Four-Layer Architecture of AI Engineering
Read bottom-up: a Prompt is one thing you say. Context Engineering determines what AI has already seen before you speak. MCP connects AI to the outside world. Skills tell AI what to do when it encounters a specific task. A Harness orchestrates all of this into a running closed-loop system. Agentic Engineering sits at the top, posing a values question: how autonomous should this system be?
Top-down works too: first answer "how autonomous a system do I want" (Agentic), then design "how to control it" (Harness), then choose "which components to use" (Context + MCP + Skill), and finally get specific about "what to say at each step" (Prompt).
Both directions are valid.
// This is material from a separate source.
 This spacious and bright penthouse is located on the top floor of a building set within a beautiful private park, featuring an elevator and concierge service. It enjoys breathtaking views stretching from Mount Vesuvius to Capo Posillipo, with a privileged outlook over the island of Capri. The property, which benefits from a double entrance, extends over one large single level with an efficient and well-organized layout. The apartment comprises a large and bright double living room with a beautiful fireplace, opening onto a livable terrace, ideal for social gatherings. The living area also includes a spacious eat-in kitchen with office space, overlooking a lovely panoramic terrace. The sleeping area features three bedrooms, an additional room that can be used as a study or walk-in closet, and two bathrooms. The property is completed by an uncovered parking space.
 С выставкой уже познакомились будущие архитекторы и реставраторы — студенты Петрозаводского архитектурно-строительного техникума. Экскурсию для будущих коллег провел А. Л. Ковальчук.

In practice, most people work bottom-up, climbing the layers only when they hit a problem. That's fine. What matters is knowing the upper layers exist, so you don't spend hours grinding at the Prompt level on a problem that belongs at the Harness level.
A Simple Workflow
Before wrapping up, a concrete example that threads the concepts together.
Say you want to build an Agent for daily code review. Walking up from the base:
- Prompt layer: The user says "review today's PRs."
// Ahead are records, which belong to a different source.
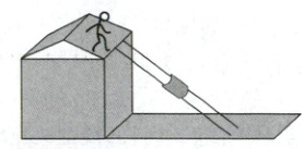 巩固训练 4 空间三维模型 + 组合斜面 (2025·河北邯郸模拟) 如图所示,工人师傅自房檐向水平地面运送瓦片,他将两根完全一样的直杆平行固定在房檐和地面之间当成轨道,瓦片沿轨道滑动时,其垂直于直杆的截面外侧为半径为 $0.1$ m 的圆弧。已知两直杆之间的距离为 $\dfrac{\sqrt{2}}{10}$ m,房檐距地面的高度为 $4$ m,两直杆在房檐和地面之间的长度 $L = 8$ m,忽略直杆的粗细,最大静摩擦力等于滑动摩擦力。工人师傅将瓦片无初速度地放置在轨道顶端,只有瓦片与直杆间的动摩擦因数小于 $\mu_{0}$ (未知) 时,瓦片才能开始沿轨道下滑,$g$ 取 $10$ m/s²。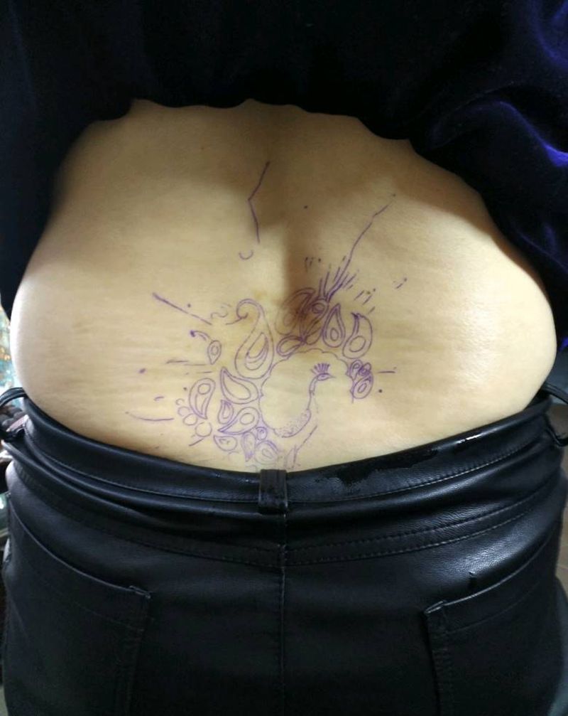 孔雀纹身图片_腰部臀部水彩纹身图案
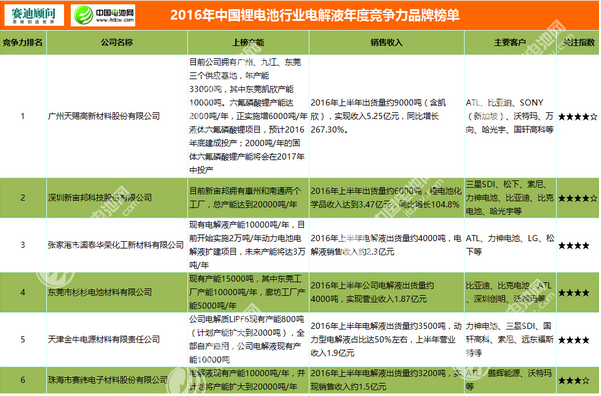 2016年中國鋰電池行業(yè)電解液年度競爭力品牌榜單

- Context layer: The Harness automatically injects project coding standards (CLAUDE.md), yesterday's review notes (Memory), and the current PR diffs.
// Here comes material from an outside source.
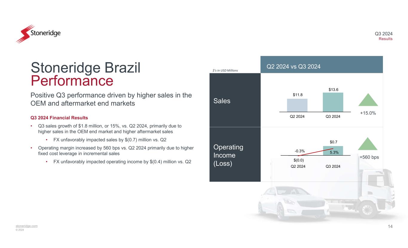 13stoneridge.com © 2024 Q3 2024 Results Sales Adj. Operating Income Q2 2024 vs Q3 2024 $’s in USD Millions Q3 impacted by revenue headwinds Electronics Performance Q3 2024 Financial Results • Q3 sales declined by 11.6% vs Q2 due to continued macroeconomic pressures impacting the commercial vehicle and off-highway end markets in both Europe and North America, as well as typical seasonality from summer shutdowns • Lower operating margin vs. Q2 2024 primarily due to reduced leverage on lower sales, unfavorable sales mix and higher D&D due to lower customer reimbursement, offset by lower SG&A $153.5 $135.7 Q2 2024 Q3 2024 $11.7 $3.8 7.6% 2.8% 0.0% 5.0% 10.0% 15.0% Q2 2024 Q3 2024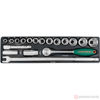 Основная разновидность рабочих насадок сборного слесарно-монтажного инструмента - это торцевая головка. Торцевые головки разделяются по геометрии рабочего профиля, по длине и по назначению. Такие инструменты обеспечивают наилучшие условия для приложения рабочего усилия по сравнению с другими видами инструмента для работы с внешними рабочими профилями. 6-гран. рабочий профиль считается наилучшим с точки зрения приложения максимальных рабочих нагрузок, передаваемых крепежной детали. Система инструмента с присоединительным квадратом 1/2" является сегодня самой универсальной, покрывая самый большой диапазон размеров от 8 до 36 мм. За её рамками находятся лишь несколько самых мелких размеров и размеры крепежа, применяемые в крупногабаритных конструкциях. Данная система самая «богатая» по количеству разнообразных насадок, вариантов переходников и приводов и поэтому инструмент с присоединительным квадратом 1/2" является основой, на которой строится вся система сборного слесарно-монтажного инструмента предприятия. Торцевые головки 1/2" позволяют прилагать рабочие нагрузки, которые только в состоянии выдержать резьбовые соединения. Торцевые головки набора выполнены из хромованадиевой стали, имеют накатку и полуматовое хромоникелевое покрытие.

- MCP layer: Pull the PR list and code changes through a GitHub MCP Server.
- Skill layer: Load the
team-code-reviewSkill, which defines inspection rules and output format. - Harness layer: Orchestrate the loop — pull the PR list, run the review Skill on each PR, aggregate results, pause and notify a human if critical issues are found.
- Agentic layer: Design decisions — should review results be posted as PR comments directly, or sent to a person first? If a security vulnerability is found, can the Agent block the PR on its own? These trust boundaries need to be set in advance.
You don't redesign all six layers from scratch each time. Most of the time you're using someone else's Harness, configuring your own Context and Skills, and occasionally confronting an Agentic-level design choice. But when the system doesn't behave as expected, knowing which layer the problem might live in makes debugging dramatically faster.
Closing the Series
Three articles, six concepts, one week of writing. The thing that strikes me most at the end: AI engineering practice is moving very quickly from craft to system.
Six months ago, knowing how to write a Prompt counted as "knowing how to use AI." Today, Prompt is the atomic layer, and there are four layers above it. This architecture is still evolving fast. The four-layer diagram I've drawn today might need revision in six months. But the underlying problem structure is unlikely to change: how do you collaborate with a non-deterministic system, and how do you find the balance between autonomy and control.
Wiener was already thinking about this in 1948. In 2026, we've encountered it again in a different form.
If you've read this far and haven't gotten your hands dirty yet, start at level two: pick an AI tool you use often and spend thirty minutes configuring its Harness. Write a CLAUDE.md. Install an MCP Server. Create a Skill. You'll find that adjusting AI's working environment delivers results far faster than adjusting what you say to it.
Then pay attention: how many decisions are you willing to let it make on its own? At what point do you start feeling uneasy? That point of unease is where your Agentic Engineering practice begins.